6.5.3 When to Standardize?
- Standardize (work with the correlation matrix) when variables are on very different scales,
- or you want to emphasize correlations over raw variances. Otherwise, use the covariance matrix.
6.6 PCA with Covariance/Correlation Matrix
In many real-world applications, the data might not be directly available to users due to various reasons (e.g., privacy issues, regulatory policy); however, a covariance matrix or correlation matrix might be available. In this case, PCA can still be performed via the R function princomp().
Let us illustrate princomp() with the iris dataset.
R Code: Iris data
# Let's pretend we only have the covariance matrix
data("iris")
S = cov(iris[,1:4])R Code: PCA via princomp()
fit = princomp(covmat=S, cor=FALSE, scores=TRUE)

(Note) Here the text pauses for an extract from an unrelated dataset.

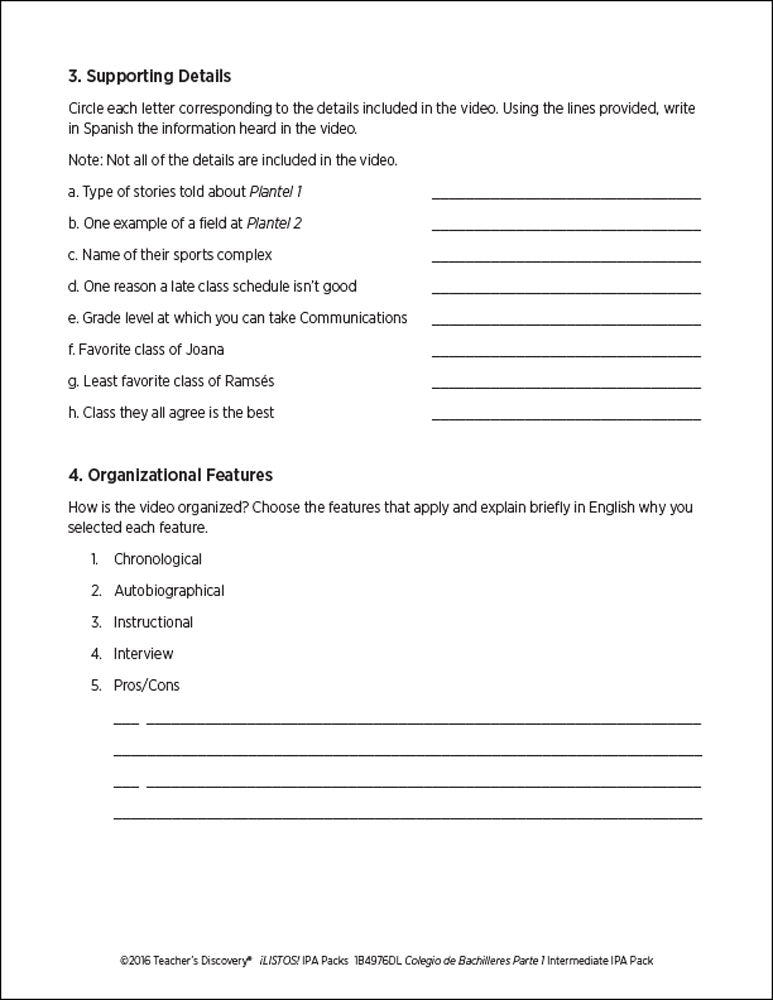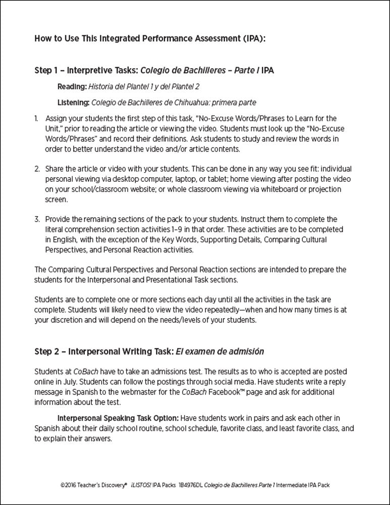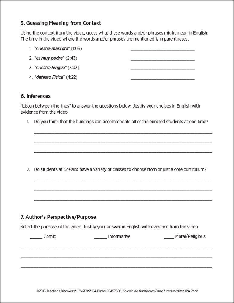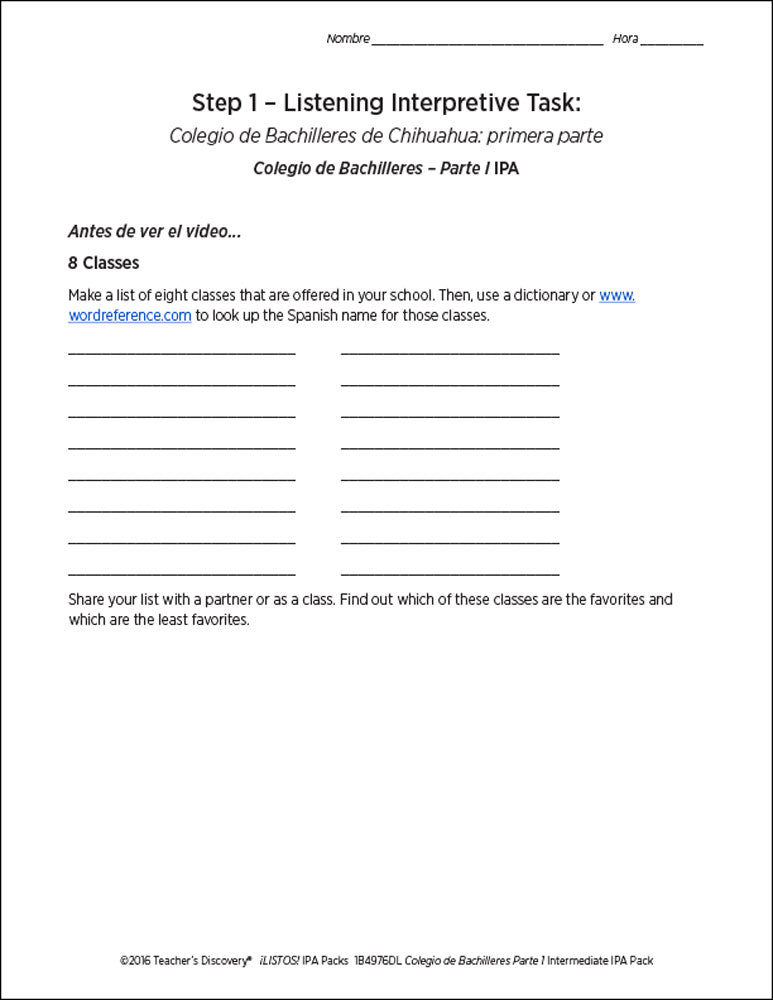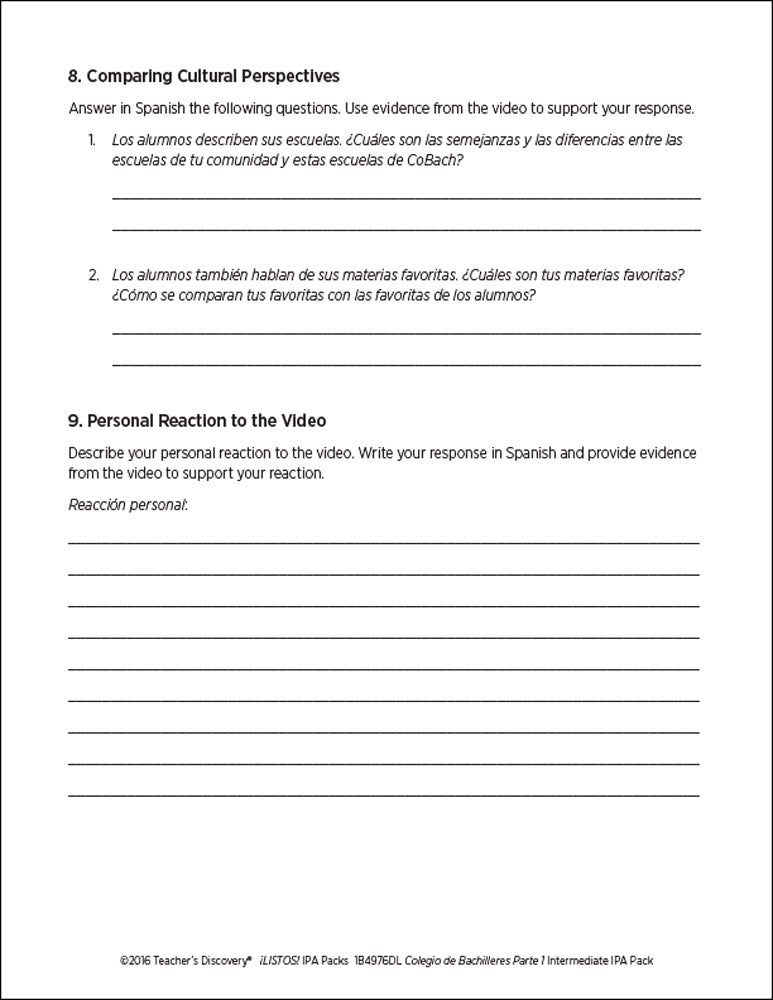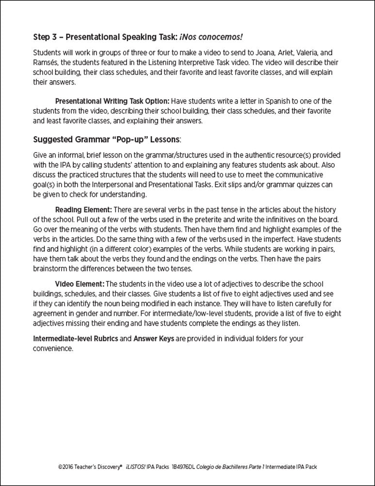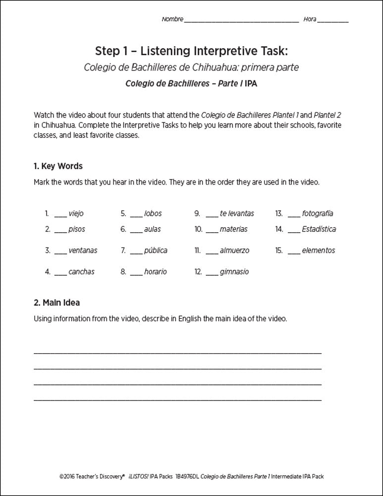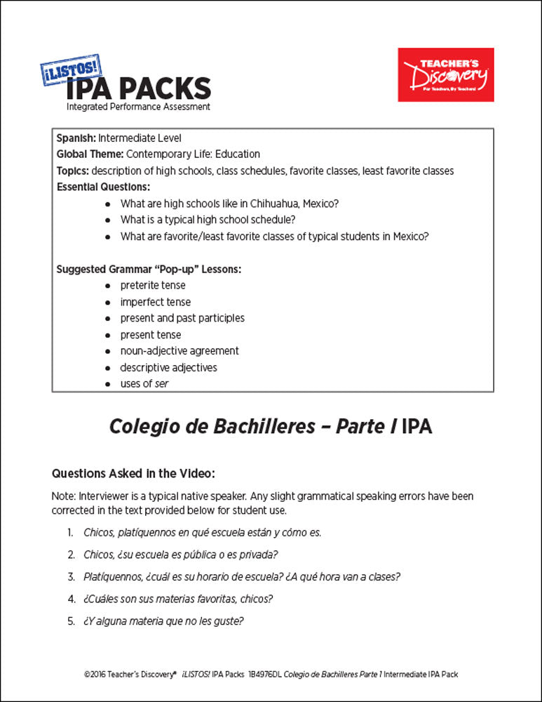 This ¡LISTOS! IPA Pack is based on two authentic resources: an article and an exclusive five-minute video filmed in Mexico of four teenagers sharing personal information about their high school experience in 100% Spanish.

summary(fit)Importance of components:
Comp.1 Comp.2 Comp.3 Comp.4
Standard deviation 2.0562689 0.49261623 0.27965961 0.154386181
Proportion of Variance 0.9246187 0.05306648 0.01710261 0.005212184
Cumulative Proportion 0.9246187 0.97768521 0.99478782 1.000000000
R Code: PCA loadings
print(fit$loadings)
Loadings:
Comp.1 Comp.2 Comp.3 Comp.4
Sepal.Length 0.361 0.657 0.582 0.315
Sepal.Width 0.730 -0.598 -0.320
Petal.Length 0.857 -0.173 -0.480
Petal.Width 0.358 -0.546 0.754
Comp.1 Comp.2 Comp.3 Comp.4
SS loadings 1.00 1.00 1.00 1.00
Proportion Var 0.25 0.25 0.25 0.25
Cumulative Var 0.25 0.50 0.75 1.00
R Code: Scree diagram
plot(fit,
main="Scree diagram")
Since we only pass the covariance/correlation to the R function princomp(), PC scores could not be obtained.
6.7 Example: Road Race Data
This analysis examines scatter plot matrices and computes principal components for the 10k segments of a 100k road race. The data come from Everitt (1994) stored in the file race100k.csv. There is one line of data for each of 80 racers with eleven numbers on each line. The first ten columns give the times (minutes) to complete successive 10k segments of the race. The last column has the racer’s age (in years). Answer the following questions.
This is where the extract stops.